### What you have to do
Word for word, restate the lines of the data below between those holding "除此之外,PayPal也是个" and "ナスのふるさとは、日照量が多", inclusive; pictures do not belong in the copy.

Collected data:
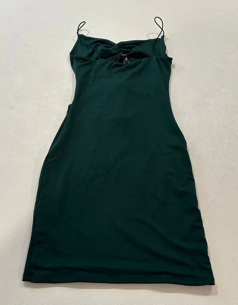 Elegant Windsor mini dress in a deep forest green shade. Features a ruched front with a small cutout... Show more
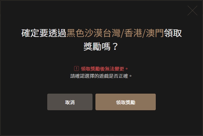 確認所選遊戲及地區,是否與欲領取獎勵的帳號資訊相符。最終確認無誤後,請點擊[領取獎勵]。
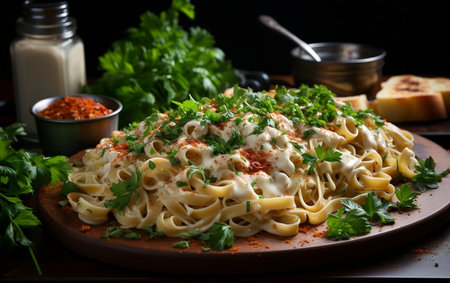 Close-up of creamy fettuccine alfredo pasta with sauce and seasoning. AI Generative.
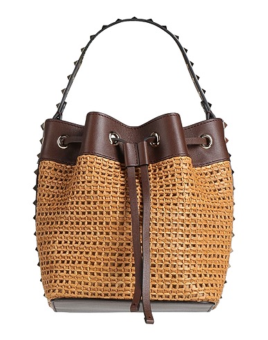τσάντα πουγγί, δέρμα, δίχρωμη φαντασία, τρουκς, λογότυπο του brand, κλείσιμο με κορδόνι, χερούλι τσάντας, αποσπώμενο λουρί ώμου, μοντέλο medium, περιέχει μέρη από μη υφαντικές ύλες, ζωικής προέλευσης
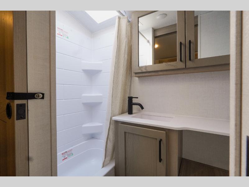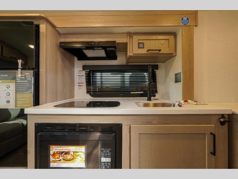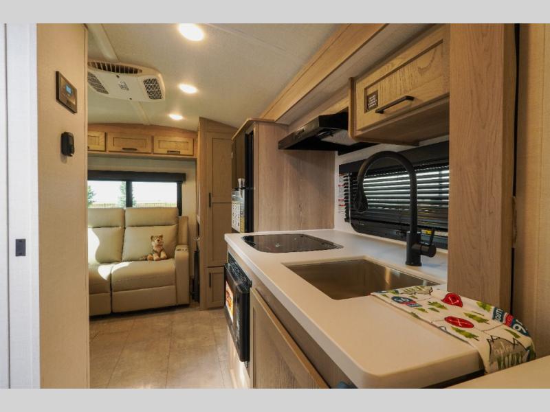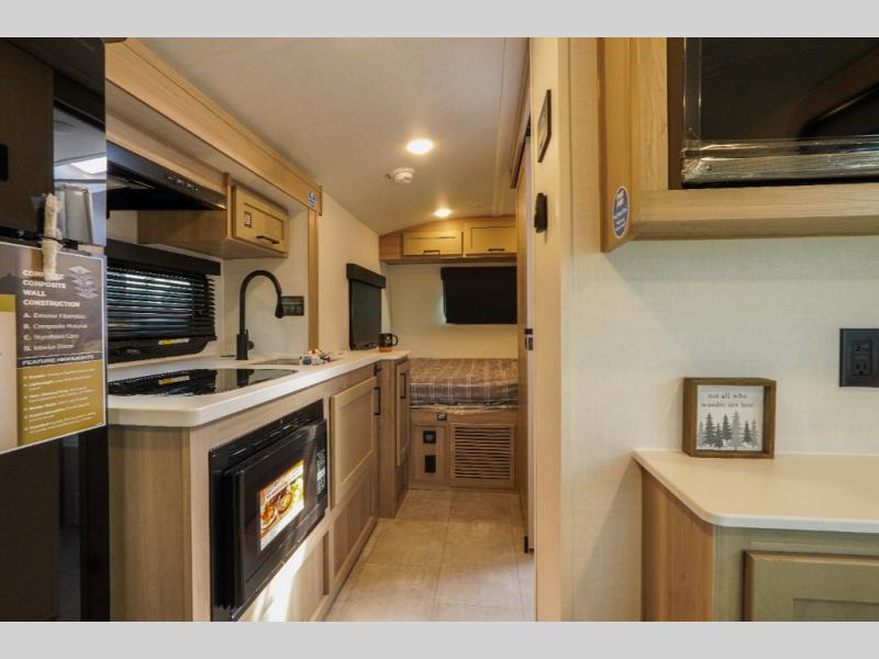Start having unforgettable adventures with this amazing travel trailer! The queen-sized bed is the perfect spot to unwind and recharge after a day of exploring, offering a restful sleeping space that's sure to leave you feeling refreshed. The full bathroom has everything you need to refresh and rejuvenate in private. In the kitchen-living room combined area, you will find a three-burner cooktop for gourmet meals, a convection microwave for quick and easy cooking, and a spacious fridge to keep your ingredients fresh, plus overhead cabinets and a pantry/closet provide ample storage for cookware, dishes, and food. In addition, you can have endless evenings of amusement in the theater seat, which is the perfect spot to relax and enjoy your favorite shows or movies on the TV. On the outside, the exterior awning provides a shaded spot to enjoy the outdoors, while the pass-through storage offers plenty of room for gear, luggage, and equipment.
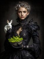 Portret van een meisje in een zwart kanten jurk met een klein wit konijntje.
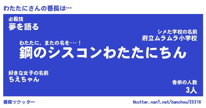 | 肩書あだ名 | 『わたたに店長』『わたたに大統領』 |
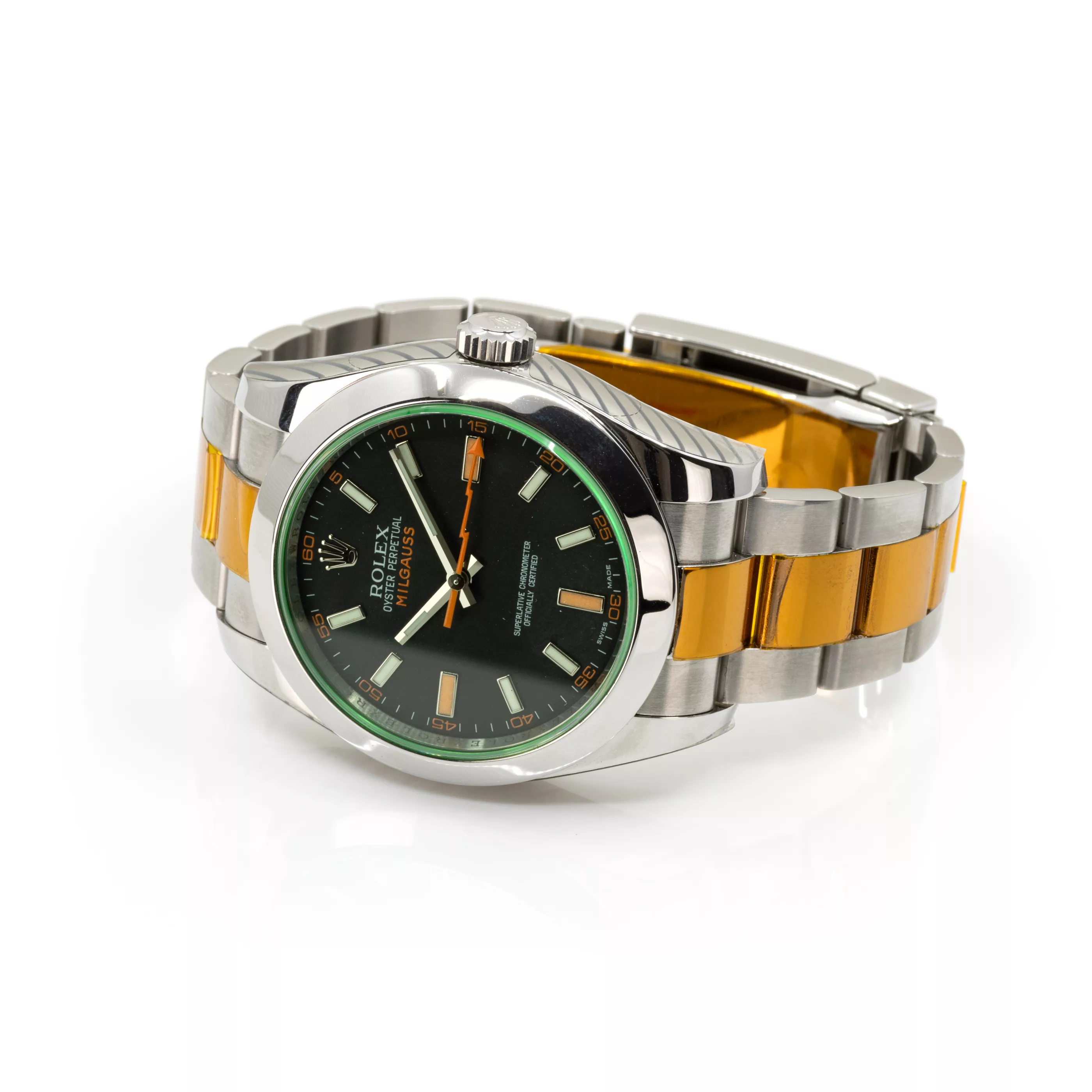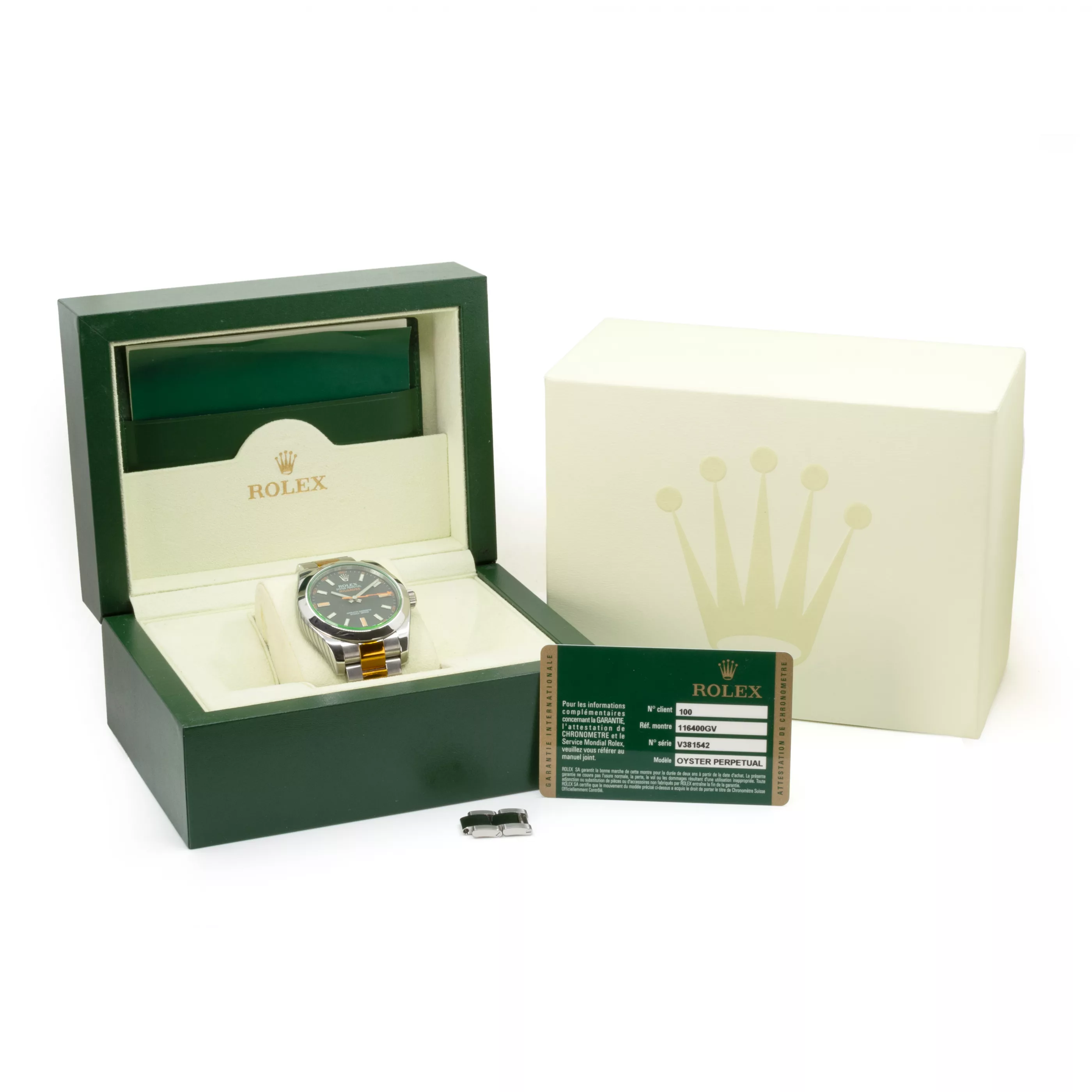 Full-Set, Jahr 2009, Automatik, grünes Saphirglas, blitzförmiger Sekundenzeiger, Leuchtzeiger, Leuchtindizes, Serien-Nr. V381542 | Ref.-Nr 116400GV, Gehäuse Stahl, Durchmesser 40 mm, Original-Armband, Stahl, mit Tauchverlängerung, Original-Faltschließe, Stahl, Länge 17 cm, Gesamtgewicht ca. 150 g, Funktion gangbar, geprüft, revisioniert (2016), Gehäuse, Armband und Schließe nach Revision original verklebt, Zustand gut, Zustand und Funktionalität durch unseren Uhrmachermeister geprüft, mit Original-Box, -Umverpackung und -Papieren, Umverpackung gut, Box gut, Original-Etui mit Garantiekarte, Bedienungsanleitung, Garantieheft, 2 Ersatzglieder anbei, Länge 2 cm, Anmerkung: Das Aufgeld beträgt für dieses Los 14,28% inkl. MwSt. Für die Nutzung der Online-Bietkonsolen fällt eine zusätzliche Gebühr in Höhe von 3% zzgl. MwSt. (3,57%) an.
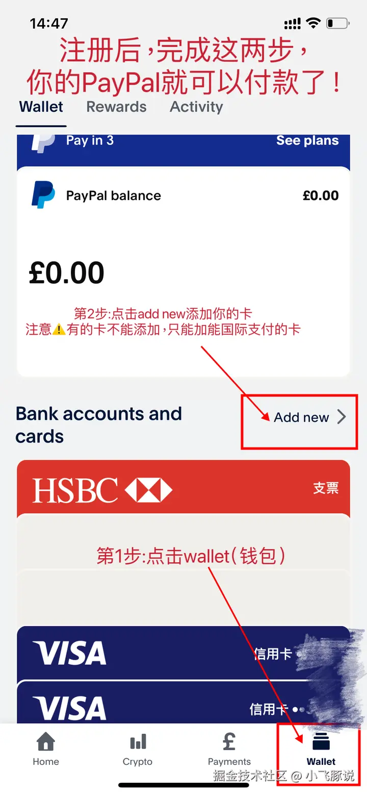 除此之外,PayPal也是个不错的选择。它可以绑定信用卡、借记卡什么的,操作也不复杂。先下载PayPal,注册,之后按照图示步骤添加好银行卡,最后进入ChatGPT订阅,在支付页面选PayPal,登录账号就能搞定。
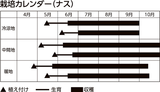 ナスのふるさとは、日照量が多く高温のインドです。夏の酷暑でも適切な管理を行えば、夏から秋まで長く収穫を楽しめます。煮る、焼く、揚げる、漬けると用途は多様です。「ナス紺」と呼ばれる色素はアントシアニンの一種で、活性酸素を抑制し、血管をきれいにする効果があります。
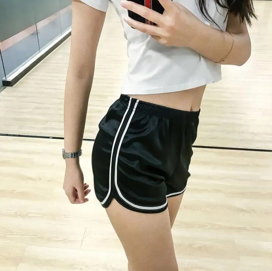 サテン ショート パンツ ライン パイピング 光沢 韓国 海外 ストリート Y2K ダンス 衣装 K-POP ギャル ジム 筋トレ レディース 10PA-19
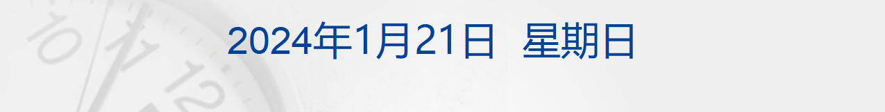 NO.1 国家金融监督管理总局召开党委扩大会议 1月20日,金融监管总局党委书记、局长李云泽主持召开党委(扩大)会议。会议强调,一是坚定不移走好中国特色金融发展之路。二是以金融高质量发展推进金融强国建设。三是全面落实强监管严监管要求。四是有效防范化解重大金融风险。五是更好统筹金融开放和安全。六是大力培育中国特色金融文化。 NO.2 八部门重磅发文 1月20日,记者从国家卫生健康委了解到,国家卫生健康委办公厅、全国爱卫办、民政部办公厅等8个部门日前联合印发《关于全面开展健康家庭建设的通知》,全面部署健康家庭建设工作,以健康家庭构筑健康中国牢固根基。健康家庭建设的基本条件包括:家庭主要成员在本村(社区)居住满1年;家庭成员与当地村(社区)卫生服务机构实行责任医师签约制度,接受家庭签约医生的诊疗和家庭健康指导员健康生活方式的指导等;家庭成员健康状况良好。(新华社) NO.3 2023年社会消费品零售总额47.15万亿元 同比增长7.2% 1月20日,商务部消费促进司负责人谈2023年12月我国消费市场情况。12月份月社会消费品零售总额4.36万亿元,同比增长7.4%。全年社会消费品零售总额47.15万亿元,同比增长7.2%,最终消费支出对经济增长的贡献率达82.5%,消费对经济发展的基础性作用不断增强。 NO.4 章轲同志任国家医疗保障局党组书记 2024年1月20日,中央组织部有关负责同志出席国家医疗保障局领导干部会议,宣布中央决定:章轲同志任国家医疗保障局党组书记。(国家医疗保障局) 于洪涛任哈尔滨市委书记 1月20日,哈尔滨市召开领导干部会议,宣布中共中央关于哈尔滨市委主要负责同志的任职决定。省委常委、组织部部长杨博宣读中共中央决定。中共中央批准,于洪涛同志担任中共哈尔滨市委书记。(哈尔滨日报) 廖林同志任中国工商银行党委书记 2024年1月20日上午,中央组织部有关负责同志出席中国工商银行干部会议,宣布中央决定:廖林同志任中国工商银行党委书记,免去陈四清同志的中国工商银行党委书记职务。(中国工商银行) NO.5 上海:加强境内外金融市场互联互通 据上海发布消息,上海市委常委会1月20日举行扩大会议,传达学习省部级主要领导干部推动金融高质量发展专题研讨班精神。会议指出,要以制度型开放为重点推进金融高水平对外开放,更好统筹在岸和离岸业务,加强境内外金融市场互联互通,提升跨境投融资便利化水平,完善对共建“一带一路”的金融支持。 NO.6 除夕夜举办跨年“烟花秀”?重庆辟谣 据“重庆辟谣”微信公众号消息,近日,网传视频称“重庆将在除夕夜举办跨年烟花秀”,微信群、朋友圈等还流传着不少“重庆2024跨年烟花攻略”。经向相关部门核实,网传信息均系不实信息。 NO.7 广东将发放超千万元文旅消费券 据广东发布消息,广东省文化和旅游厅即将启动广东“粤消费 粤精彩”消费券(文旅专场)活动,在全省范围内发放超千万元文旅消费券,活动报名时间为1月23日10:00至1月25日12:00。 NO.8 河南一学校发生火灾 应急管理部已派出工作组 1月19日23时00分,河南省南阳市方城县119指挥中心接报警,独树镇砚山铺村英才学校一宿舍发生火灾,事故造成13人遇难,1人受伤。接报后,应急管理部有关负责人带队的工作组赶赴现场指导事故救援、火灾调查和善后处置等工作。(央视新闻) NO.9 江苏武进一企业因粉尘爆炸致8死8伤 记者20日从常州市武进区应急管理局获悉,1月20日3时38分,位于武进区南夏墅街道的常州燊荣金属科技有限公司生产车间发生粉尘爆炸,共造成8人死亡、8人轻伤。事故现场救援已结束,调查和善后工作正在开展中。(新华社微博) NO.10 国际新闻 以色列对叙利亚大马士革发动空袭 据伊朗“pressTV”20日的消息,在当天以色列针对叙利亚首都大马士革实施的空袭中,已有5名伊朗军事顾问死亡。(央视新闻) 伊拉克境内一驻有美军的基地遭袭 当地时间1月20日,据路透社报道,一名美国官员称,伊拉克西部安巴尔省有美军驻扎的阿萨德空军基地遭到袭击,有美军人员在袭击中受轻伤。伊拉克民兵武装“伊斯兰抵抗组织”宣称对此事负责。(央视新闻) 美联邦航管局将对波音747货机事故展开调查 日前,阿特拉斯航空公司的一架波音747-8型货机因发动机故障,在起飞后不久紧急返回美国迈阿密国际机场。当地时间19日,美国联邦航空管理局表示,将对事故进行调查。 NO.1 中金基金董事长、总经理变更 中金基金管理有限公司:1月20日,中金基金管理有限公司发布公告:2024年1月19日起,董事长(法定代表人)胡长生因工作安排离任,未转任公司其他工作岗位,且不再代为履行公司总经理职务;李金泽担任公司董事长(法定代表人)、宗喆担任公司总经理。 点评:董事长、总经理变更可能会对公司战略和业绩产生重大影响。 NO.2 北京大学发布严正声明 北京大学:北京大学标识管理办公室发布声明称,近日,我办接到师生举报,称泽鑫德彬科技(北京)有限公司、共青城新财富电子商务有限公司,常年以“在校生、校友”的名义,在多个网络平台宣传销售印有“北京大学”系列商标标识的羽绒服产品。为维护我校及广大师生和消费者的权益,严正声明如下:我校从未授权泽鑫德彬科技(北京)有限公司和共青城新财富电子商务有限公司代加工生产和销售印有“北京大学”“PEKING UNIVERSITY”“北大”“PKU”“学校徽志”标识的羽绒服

### Result for this task
 除此之外,PayPal也是个不错的选择。它可以绑定信用卡、借记卡什么的,操作也不复杂。先下载PayPal,注册,之后按照图示步骤添加好银行卡,最后进入ChatGPT订阅,在支付页面选PayPal,登录账号就能搞定。
 ナスのふるさとは、日照量が多く高温のインドです。夏の酷暑でも適切な管理を行えば、夏から秋まで長く収穫を楽しめます。煮る、焼く、揚げる、漬けると用途は多様です。「ナス紺」と呼ばれる色素はアントシアニンの一種で、活性酸素を抑制し、血管をきれいにする効果があります。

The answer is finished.